Skorton's criticism, delivered in soothing tones available only to the polished jazz flutist, gently wondered (not whined) whether The Sun should be opining on matters as weighty and complex as the College of Architecture, Art & Planning without reporting on it in the news pages first. He disregards the general separation between opinion and news in making the criticism but touches on an important point. Why hasn't the paper written any substantive coverage on the issues surrounding the college in recent memory? We've got a dispute with the city, students being relocated downtown, a proposed Milstein Hall with ballooning costs, a departing dean, and who knows what else. When I covered that beat, the big question was whether Provost Biddy Martin would divide the place up into separate departments. There's always something going on in Sibley Hall; why don't we know what's happening beyond official pronouncements and spin?

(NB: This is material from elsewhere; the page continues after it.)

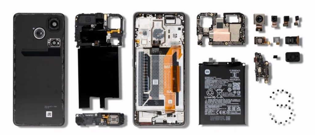 Segala isi dari bagian utama seperti Kamera, Baterai, NFC, Speaker, LED Flash, mainboard, dan lainnya bersama dengan spesifikasi utama seperti SoC Snapdragon 8s Gen 3 nya, RAM LPDDR5X, Memori Penyimpanan, UFS 4.0 dan juga hadir IC Chip dari Xiaomi sendiri yaitu Surge P2 bisa terlihat disini. Semuanya di cover oleh layar yang dilindungi Gorilla Glass Victus dan juga Vapor Chamber untuk mendinginkan seluruh komponennya.
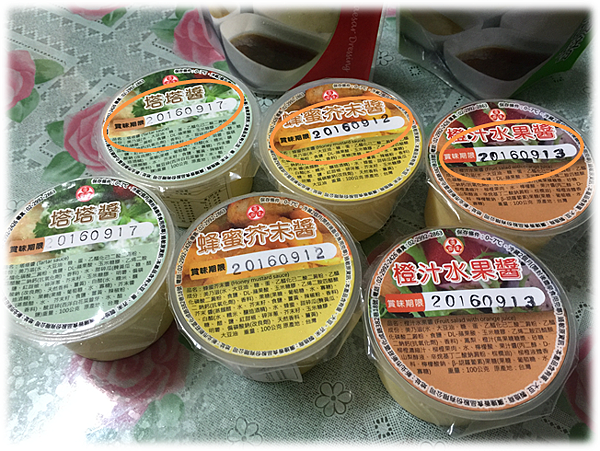 以上準備好了後,最重要的主角就是將將。。。 塔塔醬、橙汁水果醬、蜂蜜芥末醬、 凱撒醬 、

The larger question of what exactly The Sun is covering in its news pages was forced yesterday by a post on IvyGate implying that the paper has been "paraphrasing" articles from Inside Higher Ed in an attempt to "localize" them for the Ithaca campus. I wrote one of the pieces in question, and I noticed the Sun articles that were clearly inspired by them a couple of weeks later. What caught my attention at the time wasn't that the paper was looking for ideas at IHE (which many papers do, and I hope they continue to do), but that there was such a half-hearted attempt to adapt the themes to Cornell. When you try to localize a story but your Cornell sources tell you it doesn't really apply, they're negating the trend, as in this example about a professor who used Jon Stewart's America: The Book in class. ("Prof. Elizabeth Sanders, government, said that she would not use the book as an official text," but shockingly, students interviewed would.)

A paper's always going to need filler and opportunities for compets to write enough stories to make the news board. (Recent examples: "Groups Address African Flooding", "Museum Makes Science Fun for Everyone", the requisite annual Jim Maas sleep feature, "Students Hunger for Diversity") But instead of forcing stories that don't work, or cribbing ideas without developing them further, The Sun should look more into its own backyard. What are professors saying in the lounges at AAP? What kind of money is Cornell pulling in from its ventures in China? What's with the variable admit rates for men and women in these statistics?

In fact, enterprising Sun editors and reporters looking for story ideas could start right here. (As they sometimes do.) For almost two years, Matt has been pointing out (before anyone else) significant trends in Cornell's admissions race, financial aid, and endowment, not to mention a potentially budding fiasco with Milstein Hall. We try to elaborate on issues that are important to alumni, but they're important for those on campus, too -- and not nearly exhaustive. Who knows what revelations other investigations could yield?